Create Custom Loss function for transformers using a diffusion model and CLIP

Hi all,

I am working with Llama 2 and the transformer library. I want to create a custom loss function (which I found to be possible by overriding the compute_loss function) to fine-tune Llama 2.

What I plan on doing, is to have a loss that is computed by taking the token output of Llama 2 and then
(a) get the (text-) output and
(b) doing a bit of text cleaning (e.g., remove emojis) and then
(c) feed the cleaned text as image prompt into a diffusion model (e.g., Stable Diffusion XL-turbo) to generate an image, then
(d) take the generated image (from c) and the text (from b) and compare them using CLIP (e.g., “ViT-B/32”) and the cosine similarity of the text/image embeddings

The loss would then be something like 1-clip_score.

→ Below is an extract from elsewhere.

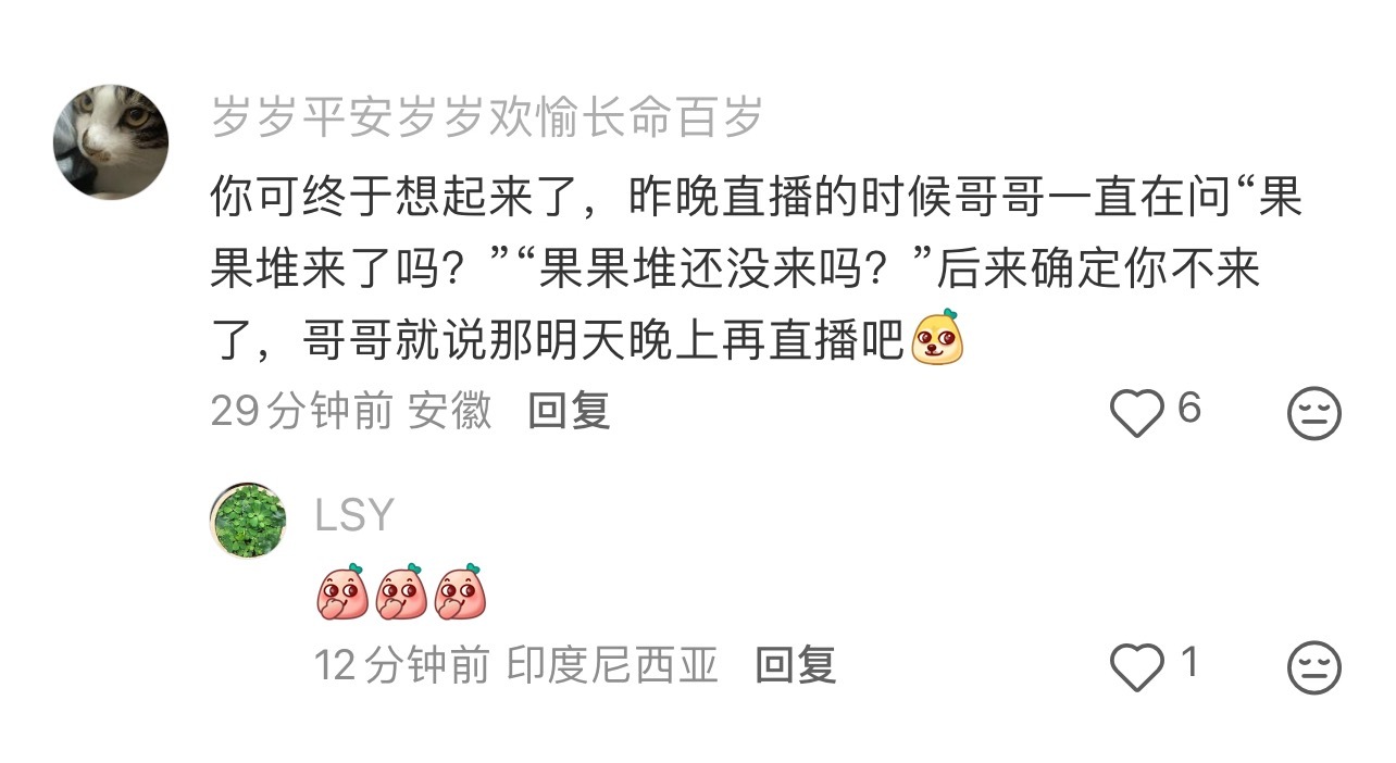 成毅帝舵直播是今天晚上七点半⌚️一个果果记错时间以为错过了直播在难过🥹评论区的果果们太有爱了!我都说了,iejj人均人美心善还有梗!谁说ie机器人,ie可太有趣了!完全粉随正主,有趣的灵魂~
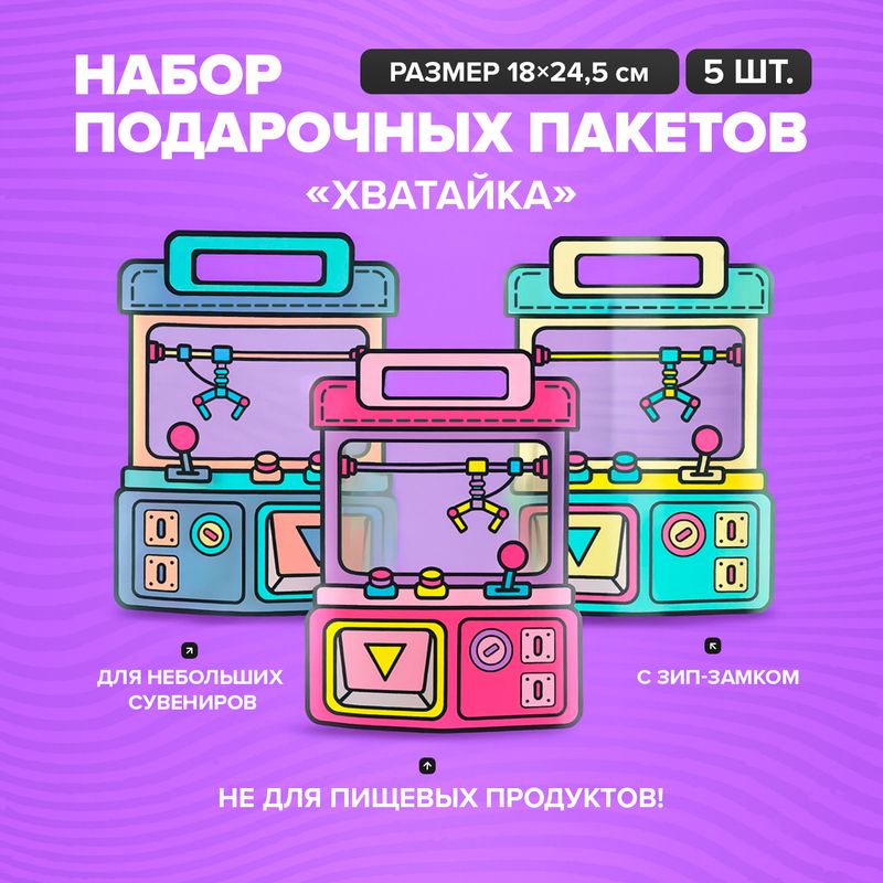 Набор пакетов с зип-замком "Хватайка", PARTY, в ярком дизайне – отличный выбор для небольших подарков и сувениров! В наборе 5 пакетов. Размер в сложенном виде: 18х24,5 см. Состав: полиэтидентерефталат, литой полипропилен, полифениленэфир. Товар представлен в ассортименте.

Accordingly, the fine-tuning process for Llama 2 would then “optimize” such that the text-outputs would be in a way that they fit the (later) generated image well (“well” determined by the similarity score)

I am able to compute (a)-(d) and therefore the loss"value" as part of the compute_loss function in the fine-tuning process, but currently I am not able to (automatically) compute the respective gradients with them, so the fine-tuning process does not optimize/ reduce the loss.

So my questions would be:
(1) Is that possible?
(2) How can I compute/ obtain the gradients for the steps (b)-(d), such that the loss function gets them and can optimize for the loss described above? (I would also be interested in partial answers, e.g., how to get the gradients from input to output for a diffusers model only)
(3) Alternatively (if (1) is “no”): Is there a way around it to still optimize the same (or a similar) loss, e.g., with a derivative-free method (which as I understood it might be not implemented natively) or with a differenty proxy for the loss function?

Sorry for the long explaination, I hope it is possible to understand what I want to do
Thank you so much